***** Data to process
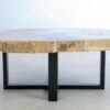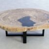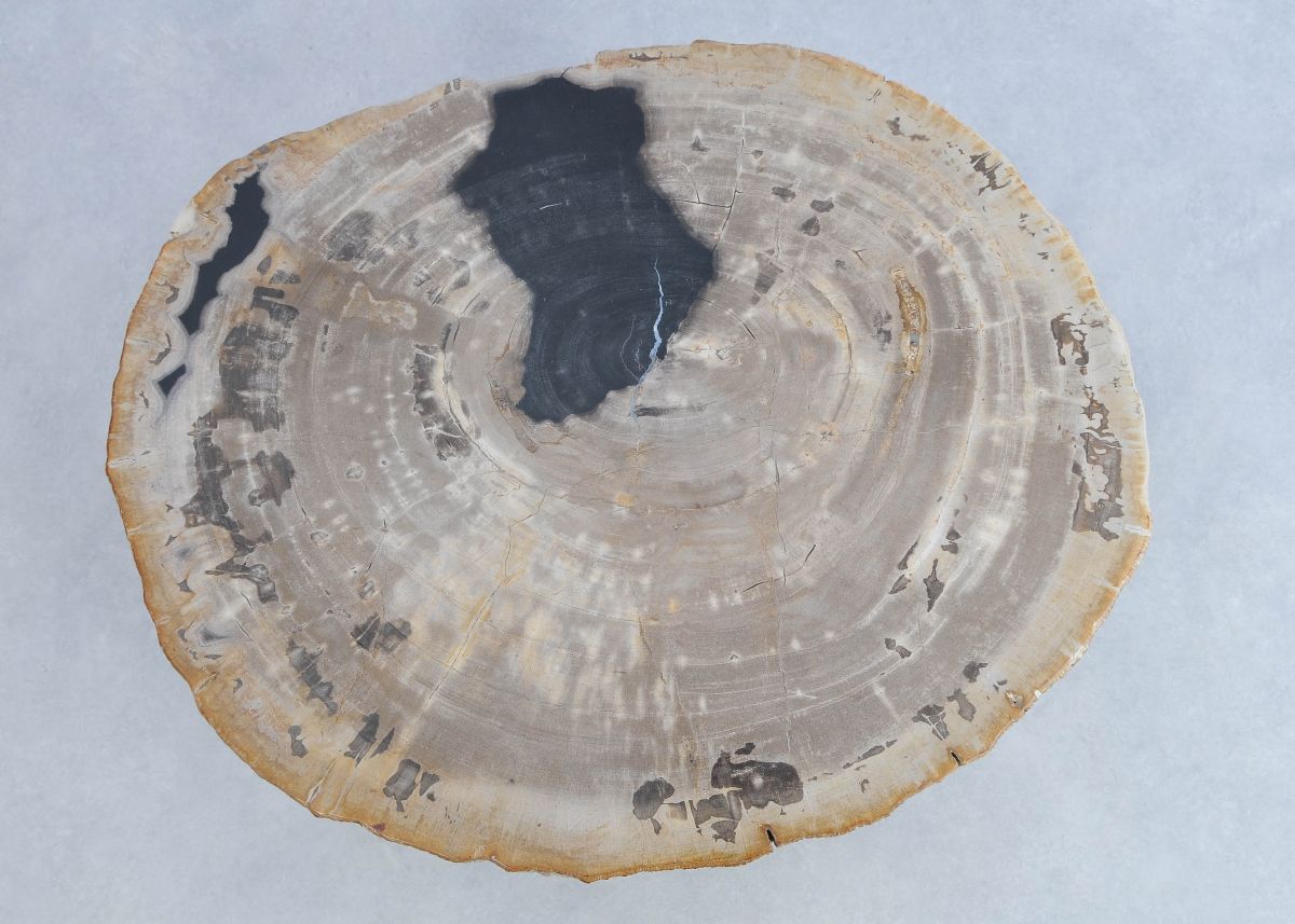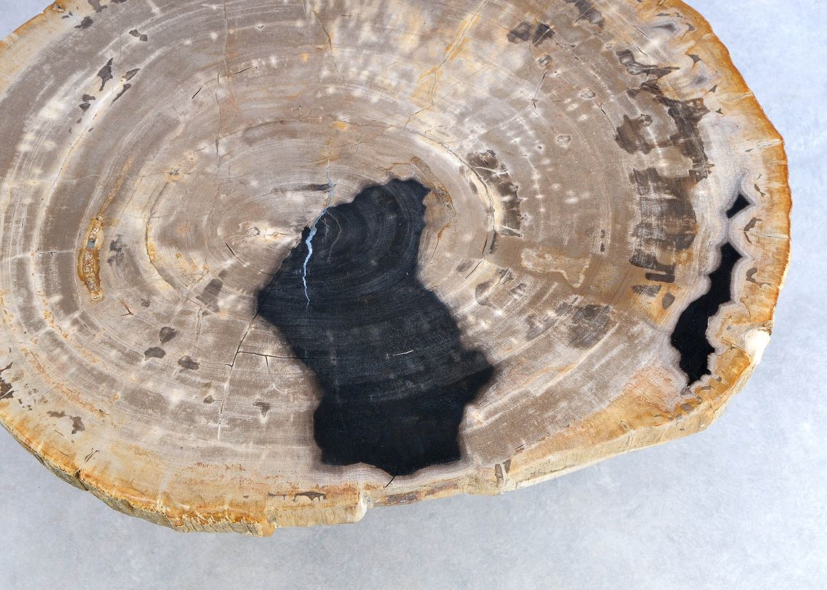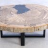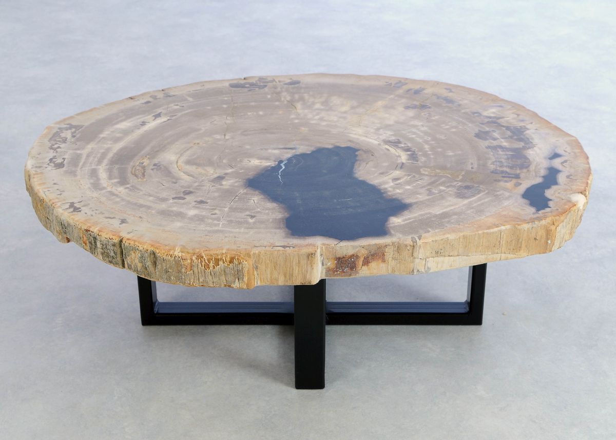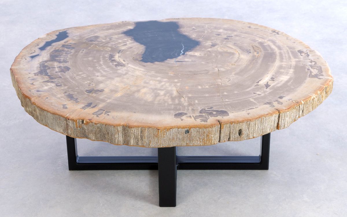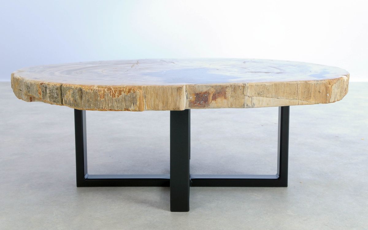 Deze unieke salontafel van versteend hout past in ieder interieur. Het tafelblad is gezaagd uit een grote versteende boom, die ongeveer 20 miljoen jaar geleden geleefd heeft. De kleuren zijn bepaald door de mineralen die het hout van deze boom vervangen hebben.
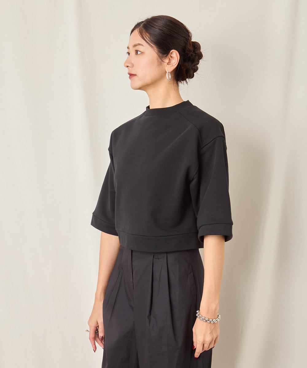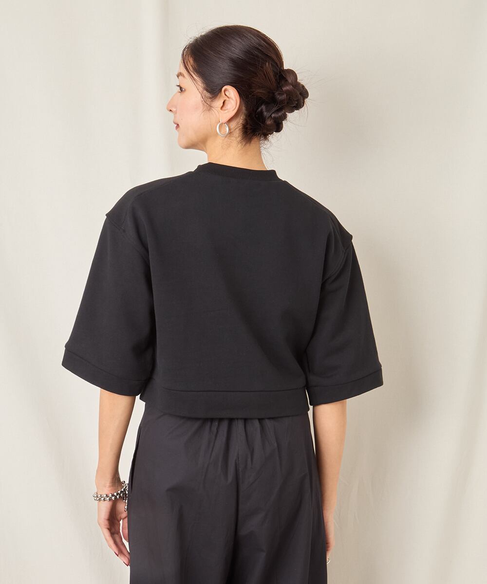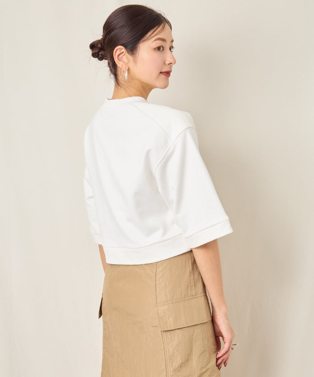 旬なショート丈トップスが足長効果抜群にスタイルアップ叶えます。中肉厚の素材で高魅せ効果あり、スカートやパンツなど幅広いアイテムとコーデ可能です。
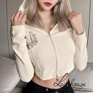 Áo khoác dài tay có khóa kéo thêu họa tiết thời trang cho nữ
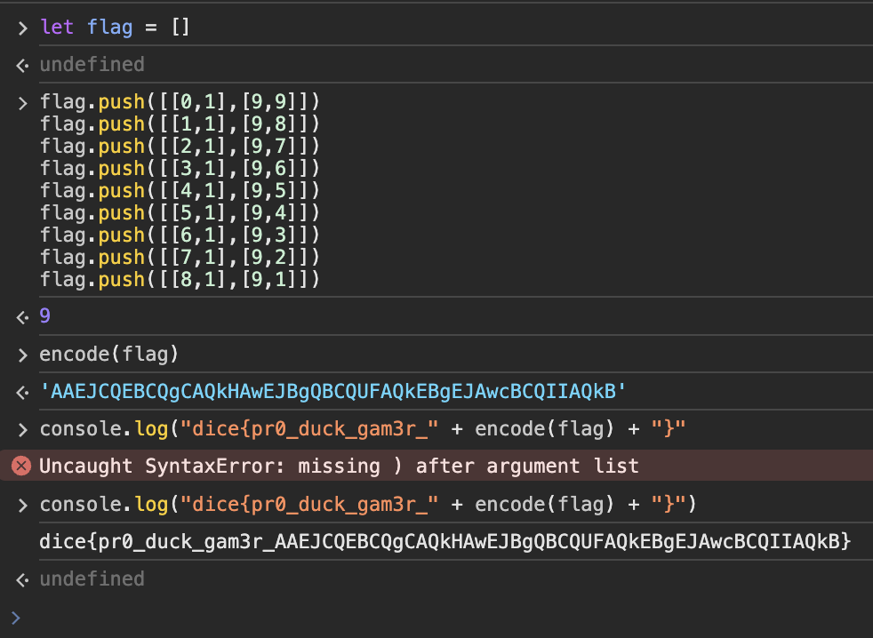 You can see that the type of flag is dice{pr0_duck_gam3r_ encode(history) }
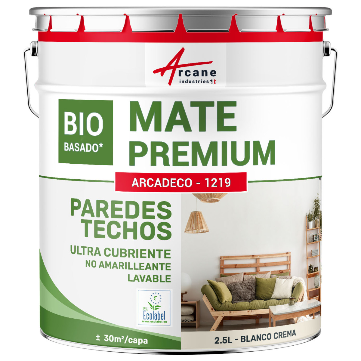 ARCADECO - 1219 es una pintura para interiores diseñada para combinar estética, rendimiento y elección de compra responsable. Ofrece una cobertura uniforme, una excelente resistencia, al tiempo que garantiza un interior más saludable gracias a su baja emisión de COV.
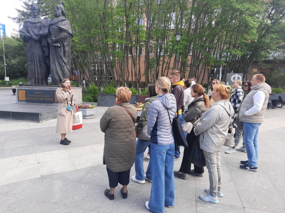 8 июля мурманчане и гости города приняли участие в авторской пешеходной экскурсии «Мурманск. Литературные истории». Cледуя рекомендациям литературного путеводителя доктора исторических наук и профессора Павла Викторовича Фёдорова, экскурсанты прошлись теми же маршрутами, по которым ходили известные писатели и персонажи их произведений.
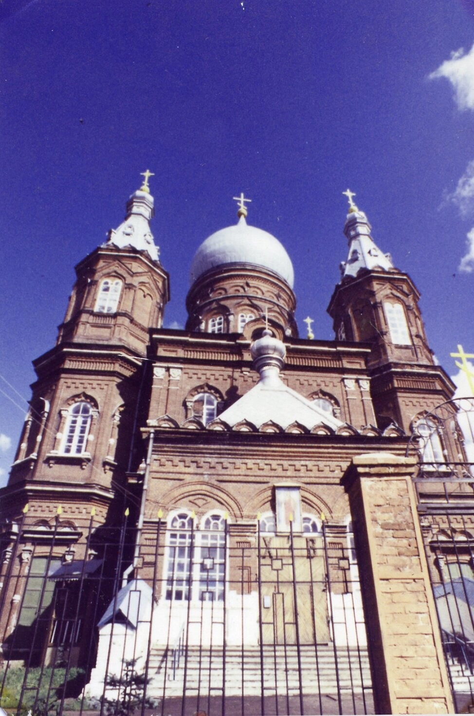 Снимок сделан с нижнего ракурса, что позволяет в полной мере оценить масштаб и высоту сооружения, устремлённого в небесную высь. На переднем плане видна чугунная ограда, обозначающая границу святой территории. Собор был возведён в 1865–1890 годах на средства сердобских купцов и прихожан вместо обветшавшей деревянной церкви. Несмотря на годы лихолетий и закрытие в советский период, храм сохранил свой первоначальный облик и ныне является действующим, собирая под своими сводами верующих для молитвы.
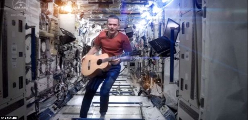 Commander Chris Hadfield records a cover version of David Bowie’s 1969 Space Oddity as a farewell message to Twitter fans. Hadfield has been aboard the International Space Station since December and is due to return to Earth on Tuesday. He has posted stunning photos of space during his five-month stint, and recorded videos showing how astronauts brush their teeth and how to throw up in space ©DailyMail
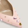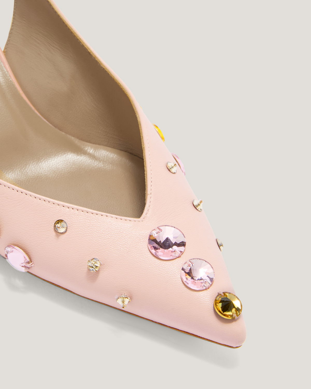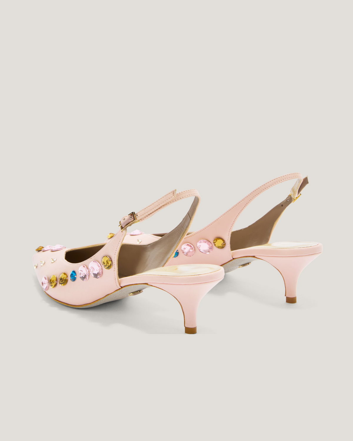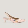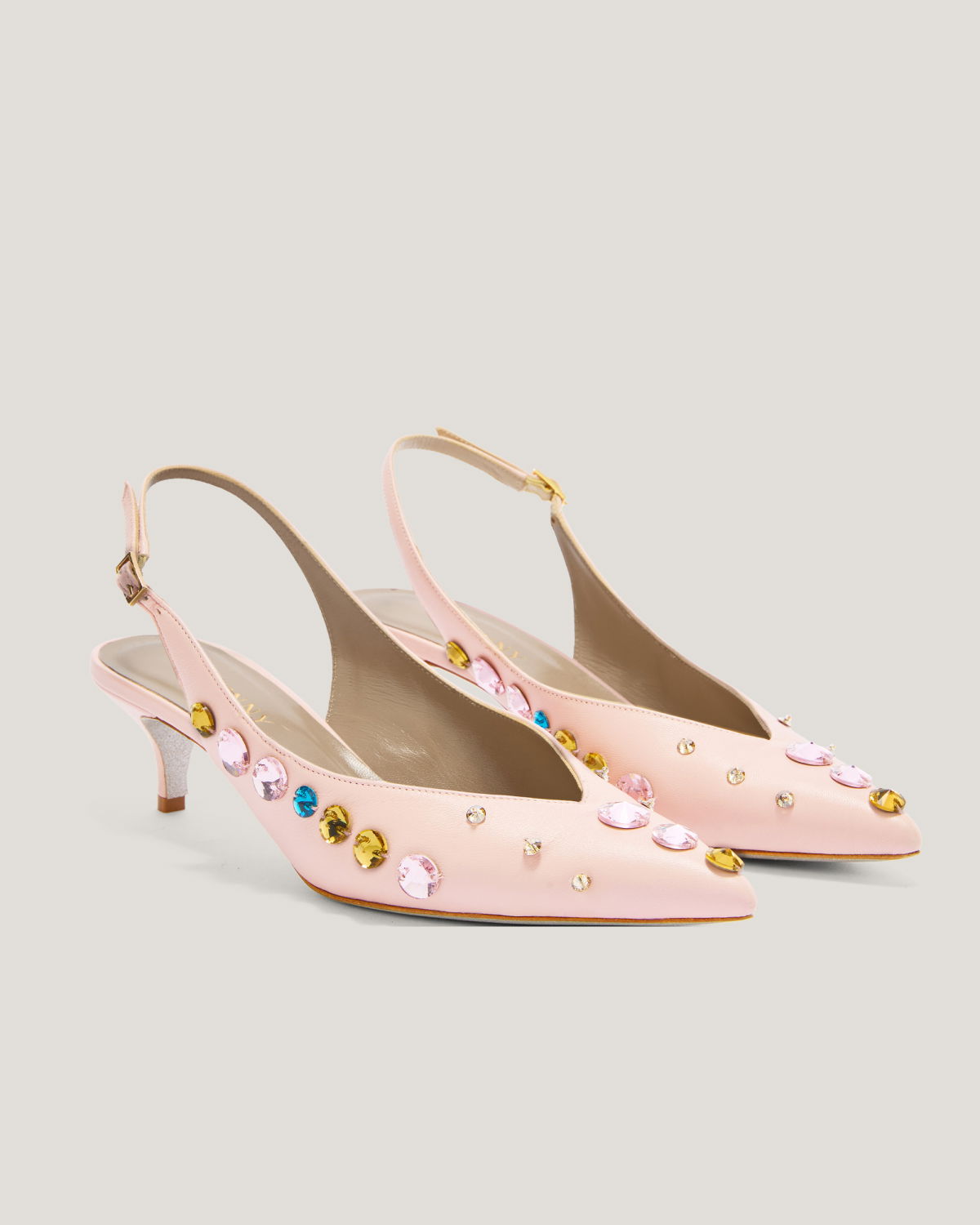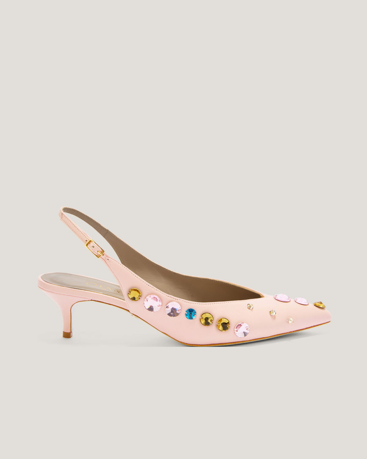 These elegant slingback pumps by Genny, crafted in leather, feature a pointed toe and are embellished with sparkling multicolor crystals. The thin strap with adjustable buckle ensures a secure fit, while the mid heel offers both comfort and style. Perfect for formal occasions or to add a sophisticated touch to casual looks.
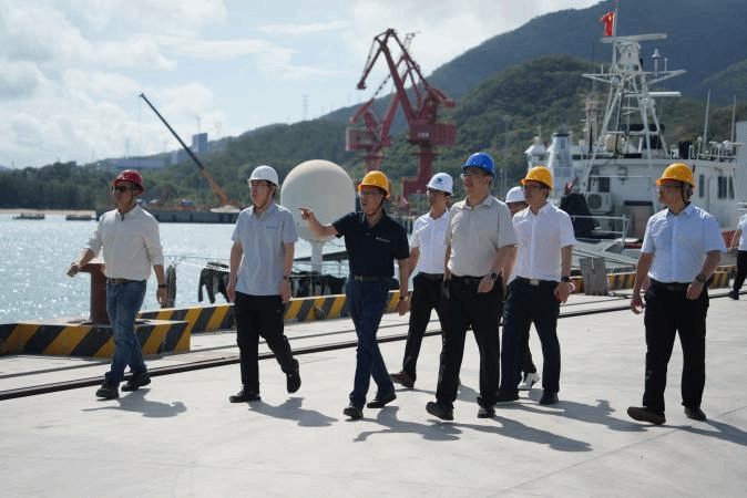 老师们先后参观南山港科考船码头、崖州湾科技城和龙鲸001号船。在某重点项目总装总调现场,项目团队的师生不惧风吹日晒,在南海高温、高湿、高盐、高腐蚀的海洋环境下,身着工作服,头戴安全帽,全神贯注地投入到实验工作中,用汗水诠释“敢为人先 攻坚克难 团结协作 无私奉献”的航海精神。站在龙鲸001号船前,看着巨轮轮廓和项目阶段性成果,学院一行真切感受到项目海试的意义和技术验证突破的威力,亲身体验到项目一线师生向深蓝远海进军,加快建设海洋强国的奋斗历程。
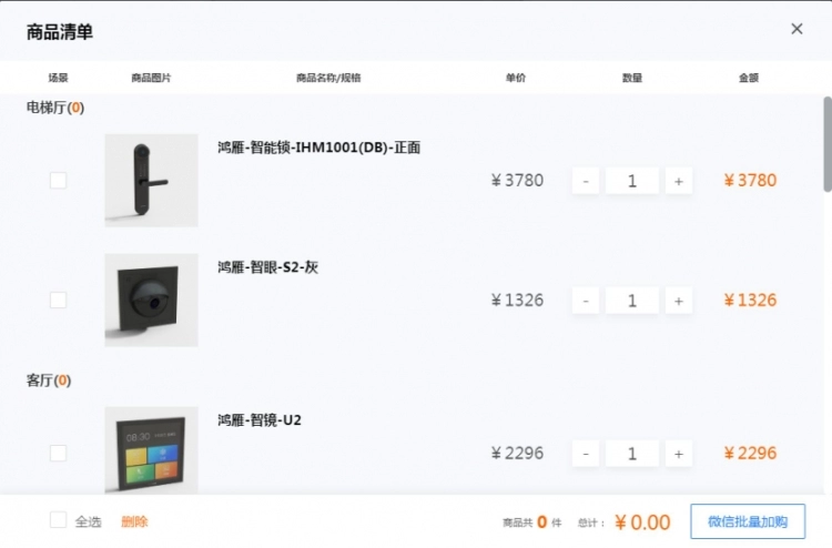 在鸿雁数字化样板间,不仅海量户型一键智能匹配,更有丰富的鸿雁智能家居产品池,轻松体验智能家居产品在不同场景中的应用。在设计时,用户可以查看具有人脸识别自动开门,执行专属回家场景的智能门锁;家中智能设备一屏掌控的玄关中控屏;能够实现无级调光调色的智能灯具等百余种智能家居产品。当看到喜欢的产品时,可点击查看商品的款式、细节、价格,如若看中,轻松加入购物车一键购买。
**********
### Activity
Each line from the one that contains "You can see" down to the one that contains "Commander Chris Hadfield" is to be returned exactly as it stands above, both ends included, with pictures removed.

### Answer box
 You can see that the type of flag is dice{pr0_duck_gam3r_ encode(history) }
 ARCADECO - 1219 es una pintura para interiores diseñada para combinar estética, rendimiento y elección de compra responsable. Ofrece una cobertura uniforme, una excelente resistencia, al tiempo que garantiza un interior más saludable gracias a su baja emisión de COV.
 8 июля мурманчане и гости города приняли участие в авторской пешеходной экскурсии «Мурманск. Литературные истории». Cледуя рекомендациям литературного путеводителя доктора исторических наук и профессора Павла Викторовича Фёдорова, экскурсанты прошлись теми же маршрутами, по которым ходили известные писатели и персонажи их произведений.
 Снимок сделан с нижнего ракурса, что позволяет в полной мере оценить масштаб и высоту сооружения, устремлённого в небесную высь. На переднем плане видна чугунная ограда, обозначающая границу святой территории. Собор был возведён в 1865–1890 годах на средства сердобских купцов и прихожан вместо обветшавшей деревянной церкви. Несмотря на годы лихолетий и закрытие в советский период, храм сохранил свой первоначальный облик и ныне является действующим, собирая под своими сводами верующих для молитвы.
 Commander Chris Hadfield records a cover version of David Bowie’s 1969 Space Oddity as a farewell message to Twitter fans. Hadfield has been aboard the International Space Station since December and is due to return to Earth on Tuesday. He has posted stunning photos of space during his five-month stint, and recorded videos showing how astronauts brush their teeth and how to throw up in space ©DailyMail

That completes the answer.